How Webb ended up on a telescope

Space telescopes are usually named after famous scientists. The Hubble Space Telescope honors American astronomer Edwin Hubble. The Spitzer Space Telescope was named after American astronomer and theoretical physicist Lyman Spitzer, Jr. The Chandra X-ray Observatory is named after the late Indo-American Nobel laureate Subrahmanyan Chandrasekhar.

The decision to name this telescope Webb was made by another NASA administrator, Sean O’Keefe, which is now at Syracuse University. Like Webb, O’Keefe did not have a scientific background before coming to NASA, but rather professional management and administration.

He says that in his field, Webb was an imposing figure, who helped establish the National Academy of Public Administration and was a thought leader in developing the best ways to bring people from diverse backgrounds together to pursue lofty goals.

When O’Keefe took charge of NASA, he said everyone was referring to an exciting new space telescope that was in development as the “Next Generation Space Telescope.”

“It’s about as enlightening and exciting as, you know, anything,” said O’Keefe, who was previously Secretary of the Navy, a role that involves deciding on the names of ships.

He decided, after informal conversations with others at NASA, to name the new telescope after Webb. “There was no group of commissioners appointed to come up with a name,” said O’Keefe, who said everyone he spoke to seemed to like the idea.

An astronaut told O’Keefe that NASA probably wouldn’t have continued to exist without the way Webb established the agency. And when the new name of the telescope was announced, in 2002, the New York Times Noted that astronomers didn’t seem to care. They were especially happy that the project had the support and attention of senior agency officials.

History revisited

In 2015, however, sex and relationship advice columnist Dan Savage wrote an article. entitled, “Should NASA name a telescope after a dead man who persecuted homosexuals in the 1950s?” Since then, there has been an online debate on Webb in blogs and Twitter that has increased over the past year as astronomers and historians weighed in and December the launch date is approaching.
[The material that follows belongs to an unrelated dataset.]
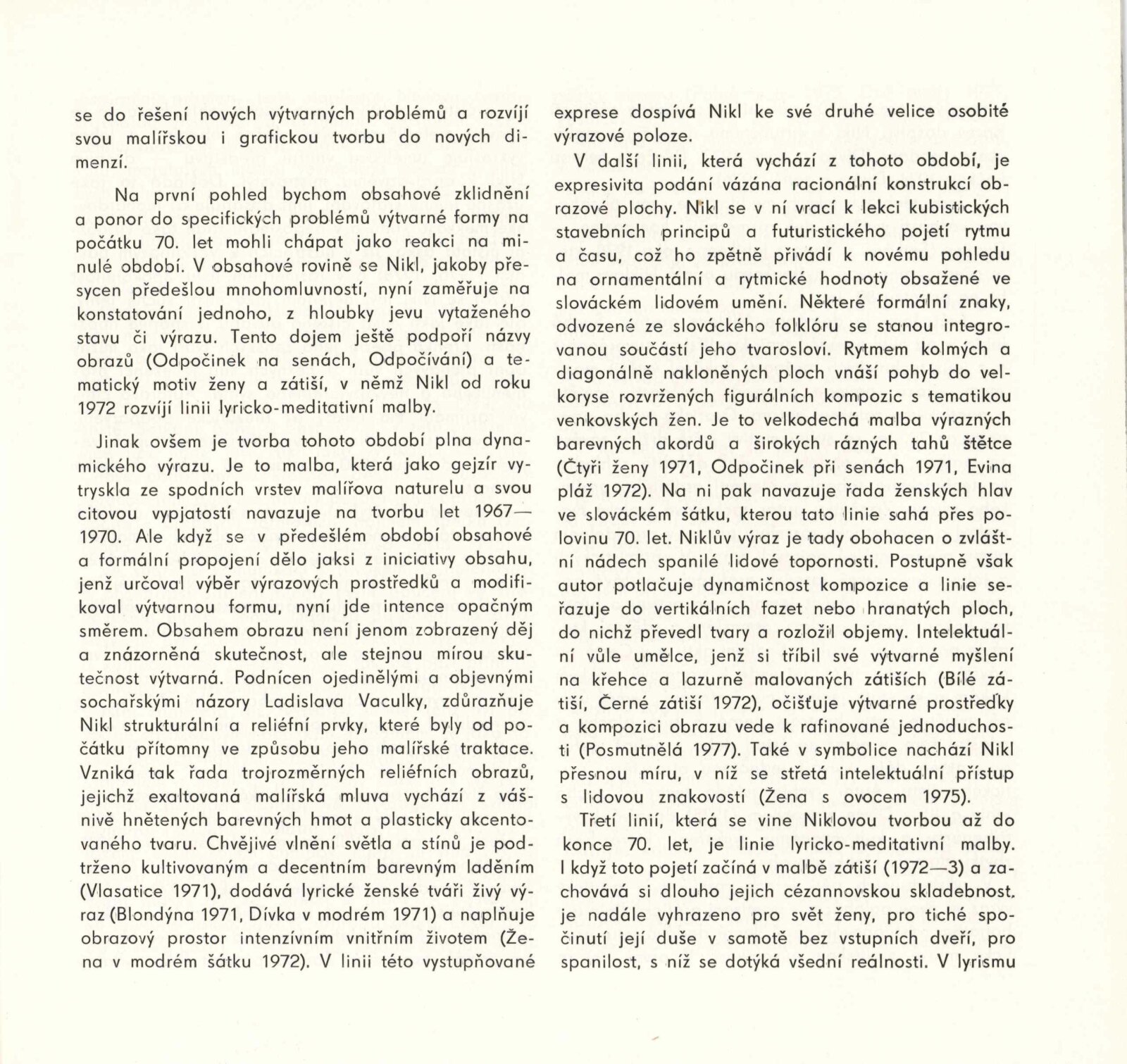 František Nikl. Malba a grafika 1963–1984: Dům umění, Galerie Jaroslava Krále, 14. 1. – 2. 2. 1986 / Převzatý katalog. František Nikl. Malba a grafika 1963–1984: Dům umění Gottwaldov prosinec 1984–leden 1985 / Text: Ĺubica Zábranská. – Hodonín: Galerie výtvarného umění, 1984. – 34 s., obr., portrét, životní data, výstavy, realizace, seznam výtvarných děl, DU 812. – MZK; MG

“It’s unpleasant to think that NASA’s awe-inspiring new telescope, whose exciting capabilities underpin so many current and future careers, is named after someone who helped implement a life-ruining campaign of so many people, ”he added. wrote Lucianne Walkowicz, astronomer based at the Adler Planetarium in Chicago.

For O’Keefe, all of this controversy came out of nowhere. But he understands the concern.
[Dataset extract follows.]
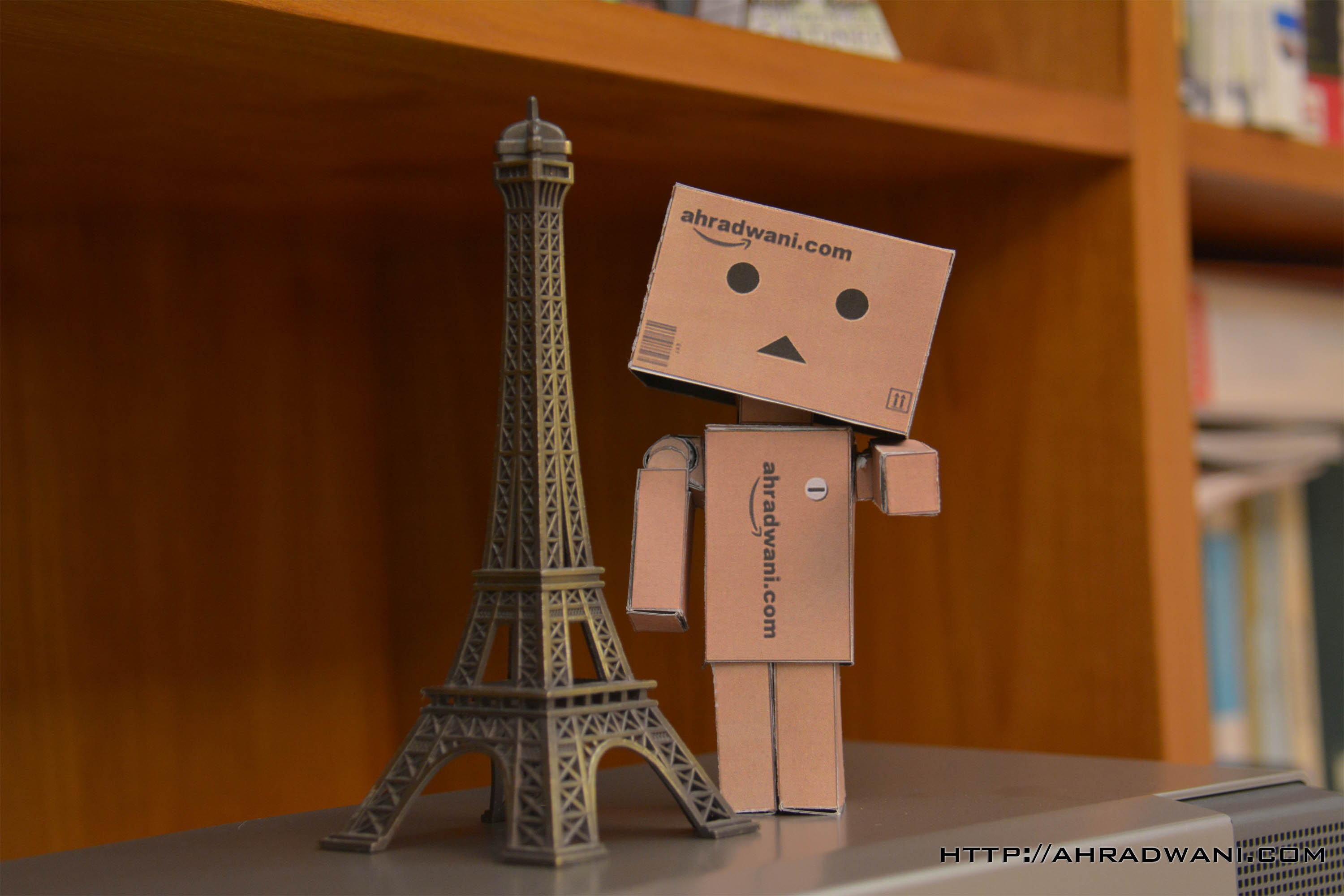 Not the first shot, but from the first session, other photos to be added later, Using the Nikon 18-300m lens on D7100 to take this shot of the HOME-MADE Danbo standing next to Eiffel tower.

“This is an important historical question, to understand how we could have tolerated the purge of talented professionals on the basis of their personal preferences,” said O’Keefe. “It is so reprehensible. There is no question about it, and I applaud the effort to bring out the visibility and awareness of it.”

At the same time, he saw nothing to convince him that Webb was directly involved in demanding or implementing a purge of gay government officials. “Then to suggest that he would be held responsible for this activity when there is no evidence to allude to it – that is an injustice,” says O’Keefe.

John Logsdon, a George Washington University historian who knew Webb when he ran the agency, said the NASA director was an accomplished Washington insider and “a product of the value system of his day.”

“I don’t think he took any particular steps that were unacceptable at the time,” Logsdon said. “But in this new ‘awakened’ world, they probably wouldn’t be acceptable.”

Prescod-Weinstein, meanwhile, believes the names of major scientific instruments like this should convey the best of what humanity can be.

To her personally, it all conjures up “the struggle I had to fight to be okay with myself as a queer person. And I don’t think that should be associated with the amazing thing that is the cosmos. “.